Thursday, February 17, 2011

Dell Mobile Clinical Computing Significantly Improves Clinician Productivity

* Medical professionals reclaim up to three hours per week each, in study of Mobile Clinical Computing (MCC) at European hospitals
* MCC helps improve IT management and data security for hospitals
* Solution features latest virtualization and bio-metric authentication technologies with services that simplify implementation

ROUND ROCK, Texas--(BUSINESS WIRE)--Findings of Dell Mobile Clinical Computing (MCC) pilot projects at 10 European hospitals show how the right information technology can help medical professionals reclaim up to three hours a week for patient care by improving access to patient information and reducing application access time by an average of 83 percent. For the hospitals, this time savings can add up to £10,000 (approximately $15,000) in annual productivity gains for each medical professional1.
“There are real savings to be realized—in seconds, minutes and hours. And for medical professionals, that is time best spent with patients—not hunting for critical information.”
The adoption of Electronic Medical Records (EMR) is an important step in improving patient care and streamlining administrative processes and the study, commissioned by Dell and performed by Ignetica Ltd., highlights the need to simplify secure access to that information for medical professionals who use it for diagnosis and decision-making. Specifically, the study measures the time clinicians lose searching for the systems and information they need and estimates the impact of these disruptions to patient care and caregiver productivity.



MCC is designed for the unique needs of healthcare providers. It combines desktop virtualization, single-sign-on and strong authentication technologies with the expert consulting, implementation and support services to help hospitals achieve their operational objectives. MCC enables fast and secure access to patient information where and when it is needed by medical professionals no matter the application or device and keeps patient data updated and secure in the data center.

Key Findings

The study shows how highly-mobile medical professionals such as duty and charge nurses, attending physicians and medical specialists lose significant time because of cumbersome system and application log-on protocols. The study found that in traditional non-virtualized environments, log-on can take up to two minutes per application which compounds quickly for hospitals with hundreds of applications covering dozens of specialized disciplines. In many instances, system interactions—including the time to log-on and log-off—lasted longer than patient interactions. To compensate, clinicians either adopt generic, department-wide user passwords, creating information security risks, or update electronic charts and notes at a later time, creating information latency issues.

Implications

By looking at the use of information technology in various hospital settings, the study suggests that hospital officials should look first to deploy MCC and desktop virtualization among medical professionals with the greatest frequency of patient and technology interactions in order to improve productivity and information access in a more secure framework. And while not specifically assessed in the pilot, participating IT professionals reported productivity benefits of their own, including a significant reduction in time spent deploying systems, faster application updates and fewer password resets. Hospital IT professionals also said MCC helped them get more out of their existing systems because more clinicians could share each system and they could provide a hot-swappable replacement in the event of a failed system.
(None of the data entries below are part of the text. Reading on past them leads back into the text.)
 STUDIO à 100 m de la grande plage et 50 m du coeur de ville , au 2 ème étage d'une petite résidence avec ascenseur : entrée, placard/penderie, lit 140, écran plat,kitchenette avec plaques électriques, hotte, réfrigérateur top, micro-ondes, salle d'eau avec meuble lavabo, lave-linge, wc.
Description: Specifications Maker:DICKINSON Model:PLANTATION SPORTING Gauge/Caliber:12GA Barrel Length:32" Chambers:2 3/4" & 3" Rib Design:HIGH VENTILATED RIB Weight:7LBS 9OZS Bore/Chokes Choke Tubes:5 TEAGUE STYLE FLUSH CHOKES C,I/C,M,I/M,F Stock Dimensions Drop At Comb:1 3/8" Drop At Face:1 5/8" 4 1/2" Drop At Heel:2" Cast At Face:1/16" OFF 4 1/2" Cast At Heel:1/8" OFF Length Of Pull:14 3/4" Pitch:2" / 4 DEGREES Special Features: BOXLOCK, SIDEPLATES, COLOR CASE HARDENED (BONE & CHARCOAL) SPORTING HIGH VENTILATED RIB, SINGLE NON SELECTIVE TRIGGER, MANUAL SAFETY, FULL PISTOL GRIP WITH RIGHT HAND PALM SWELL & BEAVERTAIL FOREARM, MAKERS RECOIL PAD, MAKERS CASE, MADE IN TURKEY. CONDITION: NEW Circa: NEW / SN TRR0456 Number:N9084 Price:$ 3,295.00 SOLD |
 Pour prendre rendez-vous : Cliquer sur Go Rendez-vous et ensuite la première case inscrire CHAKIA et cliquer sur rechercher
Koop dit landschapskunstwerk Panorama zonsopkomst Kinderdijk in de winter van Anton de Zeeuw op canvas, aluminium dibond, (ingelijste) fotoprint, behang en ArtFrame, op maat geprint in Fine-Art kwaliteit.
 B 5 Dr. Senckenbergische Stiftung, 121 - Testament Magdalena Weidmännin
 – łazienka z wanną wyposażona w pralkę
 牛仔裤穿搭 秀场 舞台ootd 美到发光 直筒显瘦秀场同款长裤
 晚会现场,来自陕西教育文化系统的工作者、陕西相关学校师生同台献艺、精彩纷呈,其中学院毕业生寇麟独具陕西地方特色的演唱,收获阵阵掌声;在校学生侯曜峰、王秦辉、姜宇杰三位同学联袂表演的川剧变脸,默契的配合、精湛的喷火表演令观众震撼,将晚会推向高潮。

To build on these documented productivity and security advantages, Dell is expanding the breadth of its MCC capabilities to include additional industry-leading virtualization and biometric authentication technologies in the next generation of its MCC solution. MCC also includes the consulting, implementation and support services to help hospitals design the solution that best meets their needs.

“These results show how information technology can improve care efficiency when solutions are designed with the needs of medical professionals in mind,” said James Coffin, Ph.D., vice president, Dell Healthcare and Life Sciences. “There are real savings to be realized—in seconds, minutes and hours. And for medical professionals, that is time best spent with patients—not hunting for critical information.”